The repo already had the main mitigation in place:

  • Studio runtime stubs torchao on Windows ROCm so transformers and peft imports do not crash.
  • install_python_stack.py skips installing torchao when the ROCm-install path marks _rocm_windows_torch_installed.

The remaining gap was that the skip depended on that earlier flag being present. If the flag was missed or stale but the environment already contained a ROCm torch wheel, the installer could still install torchao and ship a package that crashes on import.

Root cause

The issue is not general ROCm failure and not GPU detection failure. The root cause is that Windows ROCm torch can be present in the venv while the torchao override decision still relies on installer state rather than the actual installed torch runtime.

This PR closes that gap by checking the installed torch runtime directly before applying the torchao override.

User impact

  • Windows ROCm installs no longer depend solely on _rocm_windows_torch_installed to avoid installing incompatible torchao.
  • If the venv already has a ROCm torch build, the installer now skips torchao consistently.
  • This reduces the chance of Studio falling into the import-crash path described in #6833.

Validation

Focused tests:

  • pytest -q tests/studio/install/test_rocm_support.py -k 'RocmTorchInstalledEnvVar or WindowsRocmTorchaoGuard'

Broader installer coverage:

  • pytest -q tests/studio/install/test_rocm_support.py tests/studio/install/test_pr5940_followups.py

Results:

  • Focused slice: 8 passed
  • Broader slice: 378 passed, 4 skipped

Ayushman Paul added 3 commits July 2, 2026 12:39
When doing full finetuning (FFT) of a bfloat16 model, the fp16/bf16
mismatch validation fires before the corrective logic runs, causing a
misleading error even though the code would properly handle it downstream.
Skip the validation when full_finetuning is active.

Fixes unslothai#6731
…idation

Instead of entirely skipping validation (which could let mismatches
through when mixed_precision_dtype is float32), auto-correct explicit
fp16/bf16 settings that conflict with the model's dtype for FFT. This
way the existing validation still catches real mismatches for non-FFT
cases, and the corrective logic below handles the normalized settings.
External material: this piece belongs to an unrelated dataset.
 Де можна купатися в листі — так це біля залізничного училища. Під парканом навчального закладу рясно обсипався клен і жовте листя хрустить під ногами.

Fixes the issue raised in Codex review of PR unslothai#6813.
Detect installed ROCm torch directly before applying the torchao override so Windows ROCm environments never install the crashing torchao package even if the earlier ROCm-installed flag is missing.

@gemini-code-assist gemini-code-assist Bot left a comment

Copy link
Copy Markdown
Contributor

Choose a reason for hiding this comment

The reason will be displayed to describe this comment to others. Learn more.

Code Review

This pull request introduces a check to detect Windows ROCm PyTorch builds to safely skip torchao installation, along with corresponding unit tests. It also updates the TRL RL trainer patching logic to automatically adjust precision flags (use_fp16/use_bf16) during full finetuning to match the model's dtype. The review feedback suggests making the ROCm torch probe more robust against stray stdout noise by checking the last non-empty line, and ensuring that the underlying args.fp16 and args.bf16 attributes are updated alongside the local variables to maintain consistency.

Important

The consumer version of Gemini Code Assist on GitHub is being sunset. Starting June 18, 2026, new organization installations will be blocked, and all code review activity will officially cease on July 17, 2026.
For more details on the timeline and next steps, please review the Help Documentation.
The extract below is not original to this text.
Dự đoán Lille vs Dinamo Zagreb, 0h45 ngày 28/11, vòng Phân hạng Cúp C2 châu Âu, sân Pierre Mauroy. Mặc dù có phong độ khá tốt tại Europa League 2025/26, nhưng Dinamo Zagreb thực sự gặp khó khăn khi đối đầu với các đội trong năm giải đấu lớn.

Comment thread studio/install_python_stack.py Outdated
Comment thread unsloth/models/rl.py
InfoSage05 and others added 7 commits July 3, 2026 14:20
Co-authored-by: gemini-code-assist[bot] <176961590+gemini-code-assist[bot]@users.noreply.github.com>
Co-authored-by: gemini-code-assist[bot] <176961590+gemini-code-assist[bot]@users.noreply.github.com>
Tolerate stray stdout noise when probing Windows ROCm torch installs by checking the last non-empty output line, matching the existing torch version probe behavior. Also keep args.fp16 and args.bf16 synchronized with the full-finetuning precision auto-corrections in the RL trainer patch so downstream eval settings see a consistent TrainingArguments state.
@Imagineer99

Copy link
Copy Markdown
Collaborator

Main installer change looks correct.

I have one question, why is the unsloth/models/rl.py precision flag change included? The PR description is focused on Windows ROCm/torchao, was it intentional to include?

Could we also make the new guard test a bit more behavioral rather than checking the exact source string? For example, patch _installed_torch_is_windows_rocm() to return true and assert that the torchao install path is skipped. I think that would cover the intent more directly and be less brittle.

@InfoSage05

Copy link
Copy Markdown
Contributor Author

@Imagineer99 Yes! the unsloth/models/rl.py change was intentional, but it is unrelated to the Windows ROCm / torchao guard. It came from separate review feedback on the same branch, so I agree it makes this PR less focused. I’ll remove that RL precision-flag change from this PR and keep this branch scoped to the Windows ROCm installer behavior only.

Good point on the test as well. I’ll switch the new guard test to a behavioral one by patching _installed_torch_is_windows_rocm() to return True and asserting that the torchao install path is skipped, instead of asserting on the exact source string. That should better cover the intended behavior and avoid brittle source-level coupling.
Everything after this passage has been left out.